Dead Not Buried

British Prime Minister Theresa May’s Brexit deal is dead. It is just not buried.

The Prime Minister hopes to raise it Lazarus-like and present herself as a political Messiah. But her deal has been shot, knifed, strangled, knocked over the head with the candlestick and thrown into a ditch.

To put the chances of a political miracle into perspective, let us look at the next worse defeat in modern British political history. The current British government lost by 230 votes. The next nearest defeat was in 1924. Ramsay MacDonald’s Labour government had dropped a prosecution against John Ross Campbell, editor of the communist newspaper “The Workers’ Weekly” after he published an article calling on the British armed forces to mutiny in support of a socialist revolution. In that case the majority against the government was a mere 160.

Theresa May likes to portray herself as strong and stable leader with a Churchillian touch of the British bulldog. A better description would be bull headed.

Parliament has given the Prime Minister until Monday to perform her miracle and come up with a Plan B. She has responded by calling a meeting of all party leaders that will dispense with red lines and reach a compromise, breathe new life into the EU Withdrawal Bill and win over 230 dissenting members of parliament.  If this miracle were to happen the result would be a horribly stitched Frankenstein monster .

The biggest problem is not so much the terms of the agreement as the bitter divide between the ruling Conservatives and the Opposition Labour Party of Jeremy Corbyn. The Conservative government is being driven by its far-right wing and Corbyn is so far on the left of the political spectrum that he is in danger of dropping off.  His policies are so extreme that the Conservatives are five points ahead in the opinion polls despite the total Brexit disaster. Corbyn’s only hope of winning power and creating a British workers’ paradise is to allow Theresa May to create a chaotic vacuum into which he can step.

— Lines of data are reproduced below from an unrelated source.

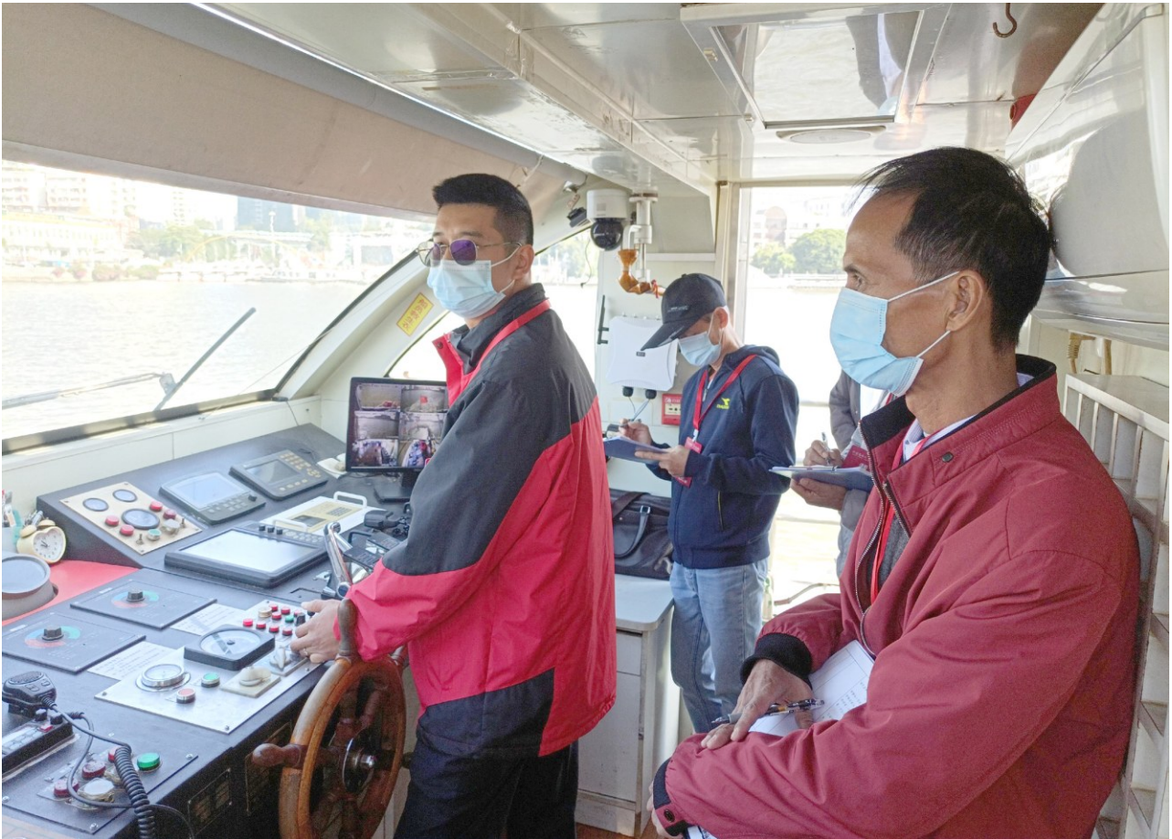
2021年12月1日,“羊城工匠杯”2021年内河船员职业技能竞赛在广州举行,108名内河客船选手同台角逐。

中船员发展规划建议由省政府职能部门牵头,出资集聚行业内专家及产学研多方智慧,推出鼓励船员长远可持续发展的措施,补齐广东船员发展短板。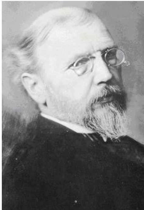
Տօքթ. Եոհաննէս Լէփսիուս

Գերմանացի կղերական Տօքթ. Եոհաննէս Լէփսիուս (Dr. Johannes Lepsius), Պոլիս, ջարդերու կապակցութեամբ տեղեկութիւններ հաւաքելէ յետոյ զանոնք «Գաղտնի Տեղեկագիր» խորագրով կը հրատարակէ: Այս 303 էջերէ բաղկացեալ գիրքը երեսփոխաններուն, եկեղեցականներուն, հանրային գործիչներուն կը բաժնէ: Ան, գրքին նախաբանին մէջ գրած է. «Քրիստոնէութեան ամէնէն հին ժողովուրդը բնաջինջ ըլլալու վտանգին մէջ է...: Հայ ժողովուրդի եօթէն վեցը իր ստացուածքներէն կողոպտուած է, արտաքսուած իր ընտանեկան երդիքէն եւ եթէ չէ իսլամացած, սպաննուած կամ անապատին մէջ տարագրուած է»: Օսմանեան դեսպան Իպրահիմ Հաքքը փաշայի առարկութեան հետեւանքով Արտաքին Գործոց Նախարարութիւնը մնացեալ հատորները կը բռնագրաւէ: Ան գերմանական քաղաքականութեան դէմ չարտայայտուելու խոստումով կը մեկնի Հոլանտա, ուր կը շարունակէ իր մարդասիրական աշխատութիւնները: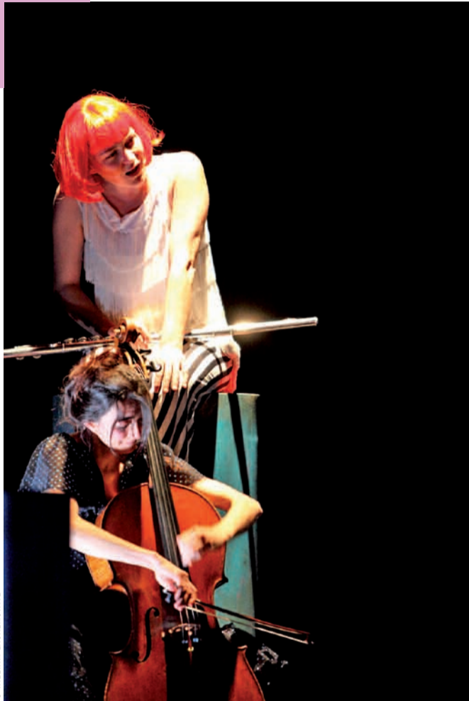
La musique s'écoute et se regarde lorsqu'elle rencontre les autres arts de la scène.

De la musique « fraîche ». Voilà ce que souhaite nous offrir le conservatoire à partir du 15 novembre avec le festival Le Temps fort. Des concerts où l'improvisation, l'invention et la création renouvellent la musique en scène. Une polyphonie visuelle et sonore avec théâtre, danse et vidéo.

That is why, in spite of losing the vote on the EU Withdrawal Bill by 230 votes, the Conservative Party and Northern Ireland’s Democratic Unionists united against Corbyn’s motion of no confidence in the government. They hate the Brexit deal. They are frightened of the Brexit Deal. They hate and are frightened at the prospect of a Corbyn government even more.

Even if Labour and the Conservatives can surmount their ideological differences for the common good there are other parliamentary differences which need to be overcome. The 2016 referendum was called to resolve the remain/leave split within the Conservative Party. It has only turned the crack into a yawning fissure. Not so well known is a similar division within Labour ranks. It would become painfully apparent should Corbyn succeed in orchestrating and winning a general election.

Theresa May is totally opposed to a second referendum. She argues that membership of the EU is not the only issue at stake. The wider—and more important—issue of British democracy is also threatened. British voters were asked what they wanted: In or out. They voted out. It is the duty of the political class to respect the majority decision of the electorate and implement it.

The problem is that the prime minister’s position ignores the political reality that she has failed to implement the mandate of the people. The deal that she has negotiated is unacceptable to their parliamentary representatives who are successfully mirroring divisions within the wider British public. The chaos of no deal is also unacceptable. The only credible alternative is to put the question back to the people in a referendum and to bury Theresa May’s EU Withdrawal Bill.